◆ PROBLEM TO SOLVE
Take the listing from its first line through the line that contains "Produk yang bermanfaat" and please retype those lines exactly, leaving out the pictures.

◆ STUDY MATERIAL
◆ ◆ ◆

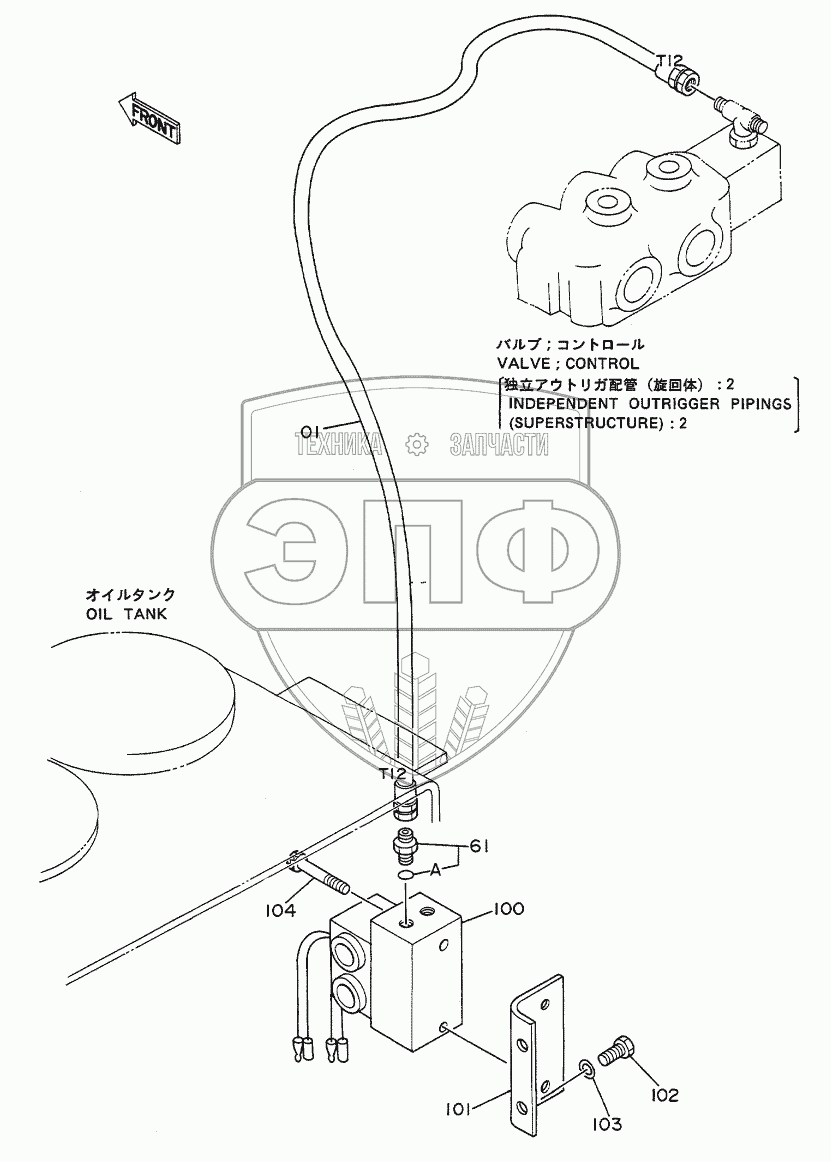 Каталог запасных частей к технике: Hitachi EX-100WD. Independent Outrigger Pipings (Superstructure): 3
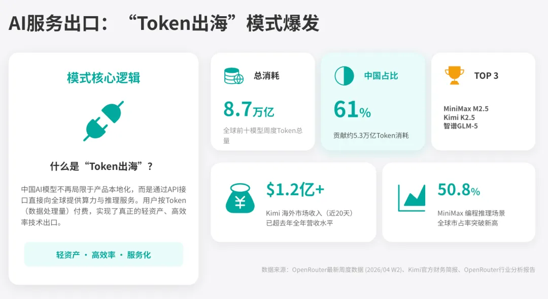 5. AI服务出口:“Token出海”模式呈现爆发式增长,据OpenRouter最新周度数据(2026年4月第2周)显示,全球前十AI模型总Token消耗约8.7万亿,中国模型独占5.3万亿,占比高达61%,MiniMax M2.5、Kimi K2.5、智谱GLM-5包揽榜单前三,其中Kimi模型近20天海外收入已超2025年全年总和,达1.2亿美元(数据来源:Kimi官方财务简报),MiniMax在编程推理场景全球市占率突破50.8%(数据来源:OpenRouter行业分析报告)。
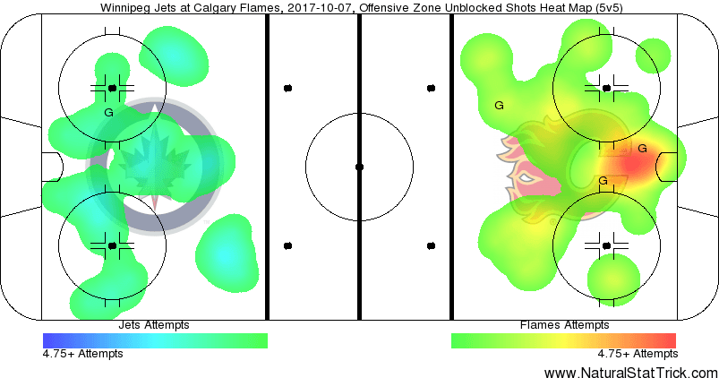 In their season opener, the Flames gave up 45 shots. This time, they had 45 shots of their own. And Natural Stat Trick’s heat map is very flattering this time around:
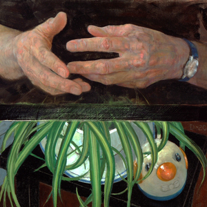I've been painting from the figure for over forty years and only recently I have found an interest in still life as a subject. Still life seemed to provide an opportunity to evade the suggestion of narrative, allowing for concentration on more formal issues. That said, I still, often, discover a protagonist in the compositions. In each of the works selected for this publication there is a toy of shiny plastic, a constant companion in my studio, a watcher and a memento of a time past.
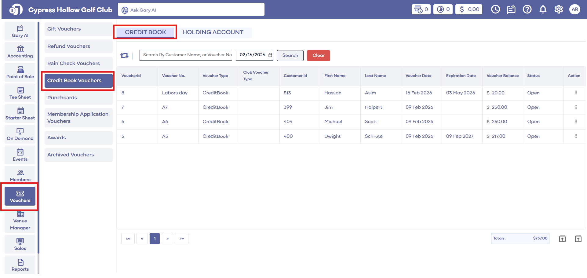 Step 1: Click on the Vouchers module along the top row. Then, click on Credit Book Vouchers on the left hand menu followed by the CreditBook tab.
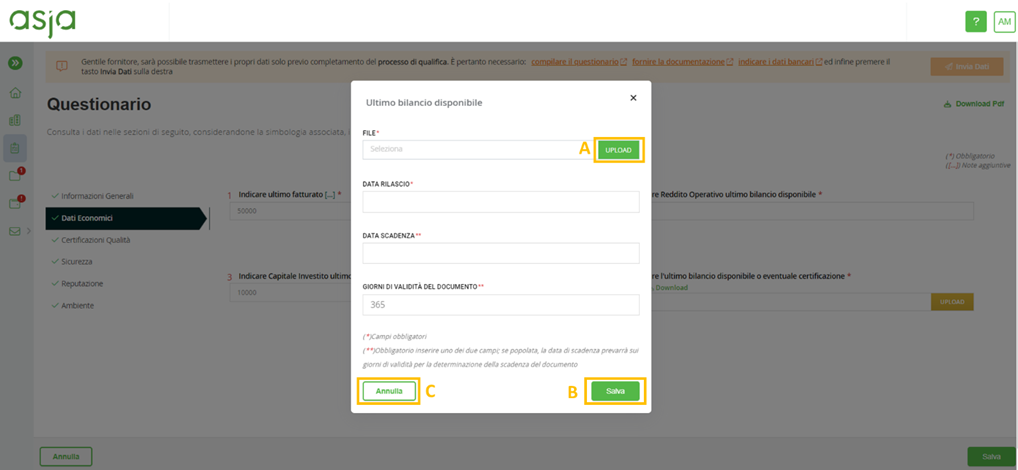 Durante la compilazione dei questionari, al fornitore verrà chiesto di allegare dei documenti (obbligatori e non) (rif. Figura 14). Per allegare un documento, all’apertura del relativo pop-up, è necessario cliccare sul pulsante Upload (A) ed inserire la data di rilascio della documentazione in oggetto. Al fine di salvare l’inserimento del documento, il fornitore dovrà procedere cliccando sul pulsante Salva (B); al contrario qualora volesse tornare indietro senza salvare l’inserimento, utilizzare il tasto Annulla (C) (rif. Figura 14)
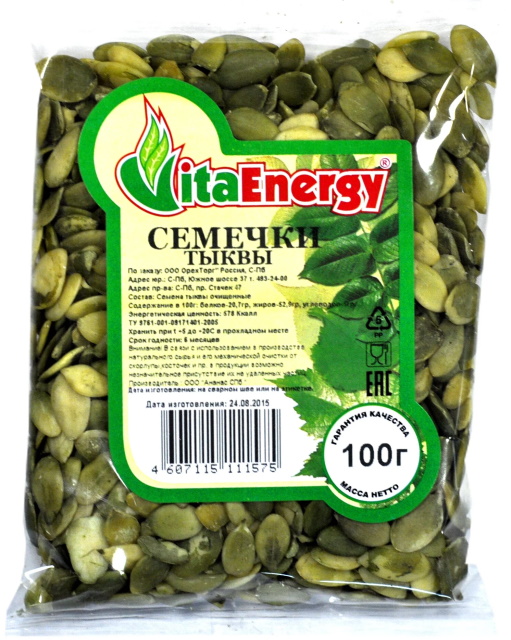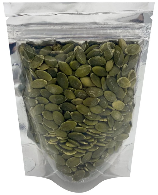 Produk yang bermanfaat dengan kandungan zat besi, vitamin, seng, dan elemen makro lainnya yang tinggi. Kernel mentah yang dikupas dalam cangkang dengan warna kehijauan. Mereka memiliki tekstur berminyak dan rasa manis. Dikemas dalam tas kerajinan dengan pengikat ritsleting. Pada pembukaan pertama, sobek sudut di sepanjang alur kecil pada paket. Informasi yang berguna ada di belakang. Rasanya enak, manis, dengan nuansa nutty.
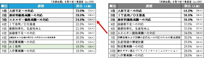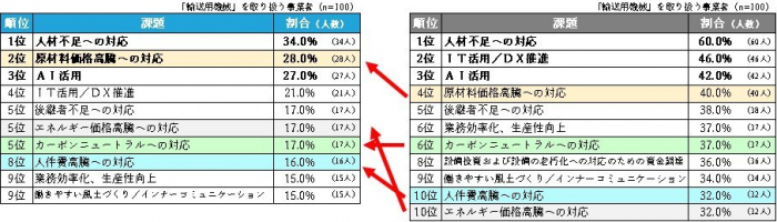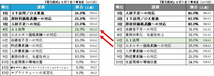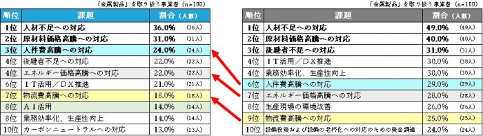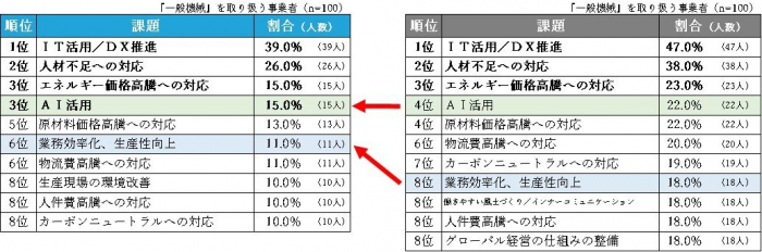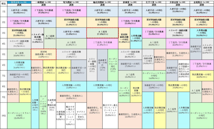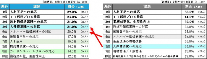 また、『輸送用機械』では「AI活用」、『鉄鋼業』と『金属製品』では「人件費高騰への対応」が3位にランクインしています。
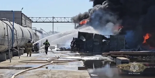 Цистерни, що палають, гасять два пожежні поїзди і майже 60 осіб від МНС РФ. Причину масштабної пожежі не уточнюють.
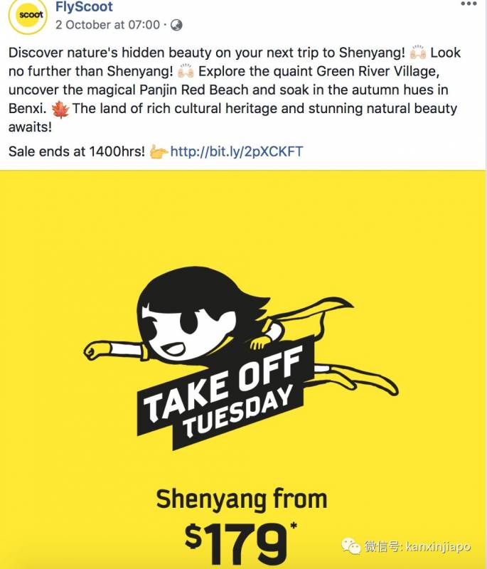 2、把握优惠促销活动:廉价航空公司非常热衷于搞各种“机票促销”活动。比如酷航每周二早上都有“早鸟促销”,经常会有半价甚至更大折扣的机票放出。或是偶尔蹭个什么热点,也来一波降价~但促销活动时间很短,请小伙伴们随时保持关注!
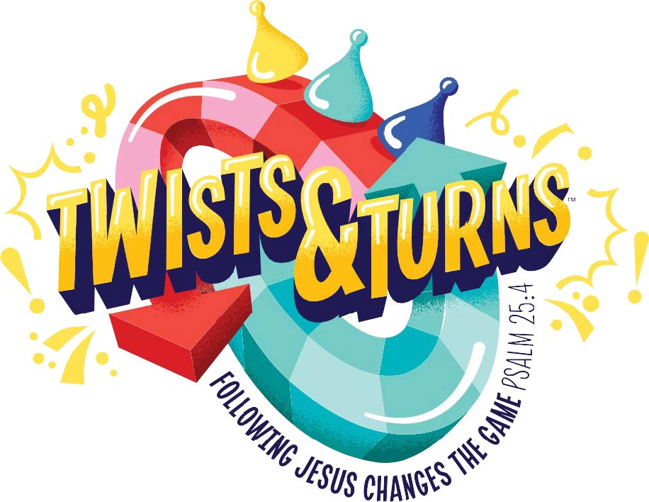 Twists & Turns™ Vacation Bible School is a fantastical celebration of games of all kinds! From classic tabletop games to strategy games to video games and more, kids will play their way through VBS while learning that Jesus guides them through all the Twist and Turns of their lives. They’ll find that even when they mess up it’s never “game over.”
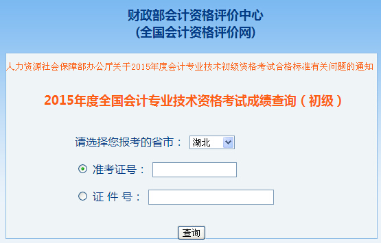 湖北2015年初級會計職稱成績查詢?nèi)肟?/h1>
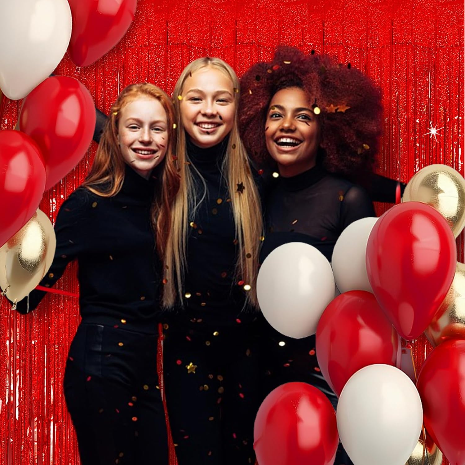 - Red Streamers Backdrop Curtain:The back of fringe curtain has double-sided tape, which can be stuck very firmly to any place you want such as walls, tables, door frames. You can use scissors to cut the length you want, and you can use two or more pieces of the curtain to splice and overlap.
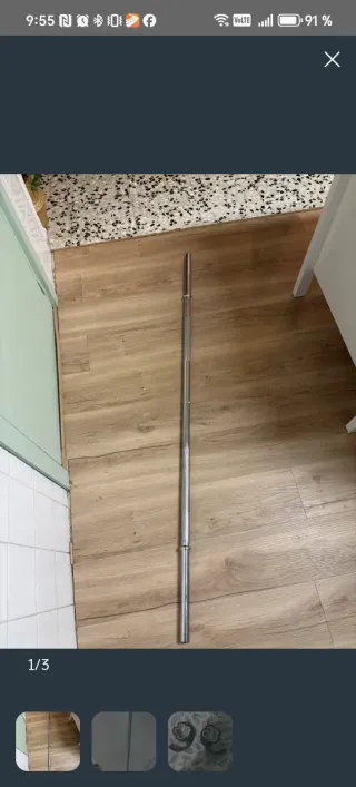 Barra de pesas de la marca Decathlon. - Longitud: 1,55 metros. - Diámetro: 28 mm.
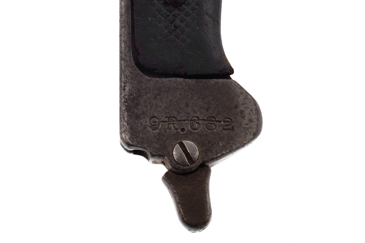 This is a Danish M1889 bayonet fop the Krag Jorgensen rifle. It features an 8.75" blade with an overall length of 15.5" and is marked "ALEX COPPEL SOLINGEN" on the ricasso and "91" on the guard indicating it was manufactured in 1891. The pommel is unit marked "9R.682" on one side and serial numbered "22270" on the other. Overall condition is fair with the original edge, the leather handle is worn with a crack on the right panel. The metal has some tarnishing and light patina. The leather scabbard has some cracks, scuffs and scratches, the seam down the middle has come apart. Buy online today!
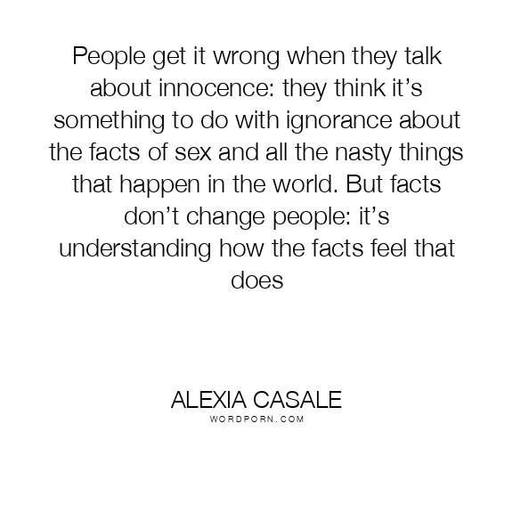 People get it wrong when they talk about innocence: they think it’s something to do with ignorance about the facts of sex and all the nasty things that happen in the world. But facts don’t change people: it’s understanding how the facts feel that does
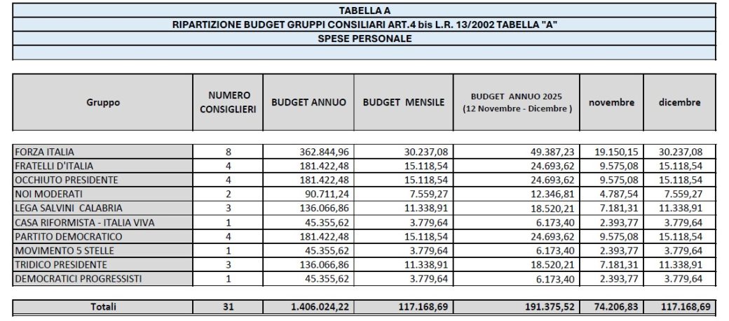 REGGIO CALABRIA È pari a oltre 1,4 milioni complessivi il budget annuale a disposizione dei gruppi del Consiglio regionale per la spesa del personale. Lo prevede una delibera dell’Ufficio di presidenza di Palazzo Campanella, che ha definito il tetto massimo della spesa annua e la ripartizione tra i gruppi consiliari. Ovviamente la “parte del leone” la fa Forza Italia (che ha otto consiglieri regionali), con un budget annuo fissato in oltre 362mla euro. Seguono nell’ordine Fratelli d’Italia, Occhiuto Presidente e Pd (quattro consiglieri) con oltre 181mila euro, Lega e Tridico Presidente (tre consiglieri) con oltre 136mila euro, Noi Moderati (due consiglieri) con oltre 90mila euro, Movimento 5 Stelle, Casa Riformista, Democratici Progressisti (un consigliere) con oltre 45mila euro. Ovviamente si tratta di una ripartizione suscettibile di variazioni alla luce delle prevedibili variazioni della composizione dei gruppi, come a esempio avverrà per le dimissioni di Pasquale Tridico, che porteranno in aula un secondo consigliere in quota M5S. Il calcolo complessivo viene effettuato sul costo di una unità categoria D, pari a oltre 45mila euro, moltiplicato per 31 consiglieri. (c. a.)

◆ ◆ ◆

◆ PROBLEM SOLUTION
 Каталог запасных частей к технике: Hitachi EX-100WD. Independent Outrigger Pipings (Superstructure): 3
 5. AI服务出口:“Token出海”模式呈现爆发式增长,据OpenRouter最新周度数据(2026年4月第2周)显示,全球前十AI模型总Token消耗约8.7万亿,中国模型独占5.3万亿,占比高达61%,MiniMax M2.5、Kimi K2.5、智谱GLM-5包揽榜单前三,其中Kimi模型近20天海外收入已超2025年全年总和,达1.2亿美元(数据来源:Kimi官方财务简报),MiniMax在编程推理场景全球市占率突破50.8%(数据来源:OpenRouter行业分析报告)。
 In their season opener, the Flames gave up 45 shots. This time, they had 45 shots of their own. And Natural Stat Trick’s heat map is very flattering this time around:
I've been painting from the figure for over forty years and only recently I have found an interest in still life as a subject. Still life seemed to provide an opportunity to evade the suggestion of narrative, allowing for concentration on more formal issues. That said, I still, often, discover a protagonist in the compositions. In each of the works selected for this publication there is a toy of shiny plastic, a constant companion in my studio, a watcher and a memento of a time past.
 Step 1: Click on the Vouchers module along the top row. Then, click on Credit Book Vouchers on the left hand menu followed by the CreditBook tab.
 Durante la compilazione dei questionari, al fornitore verrà chiesto di allegare dei documenti (obbligatori e non) (rif. Figura 14). Per allegare un documento, all’apertura del relativo pop-up, è necessario cliccare sul pulsante Upload (A) ed inserire la data di rilascio della documentazione in oggetto. Al fine di salvare l’inserimento del documento, il fornitore dovrà procedere cliccando sul pulsante Salva (B); al contrario qualora volesse tornare indietro senza salvare l’inserimento, utilizzare il tasto Annulla (C) (rif. Figura 14)
 Produk yang bermanfaat dengan kandungan zat besi, vitamin, seng, dan elemen makro lainnya yang tinggi. Kernel mentah yang dikupas dalam cangkang dengan warna kehijauan. Mereka memiliki tekstur berminyak dan rasa manis. Dikemas dalam tas kerajinan dengan pengikat ritsleting. Pada pembukaan pertama, sobek sudut di sepanjang alur kecil pada paket. Informasi yang berguna ada di belakang. Rasanya enak, manis, dengan nuansa nutty.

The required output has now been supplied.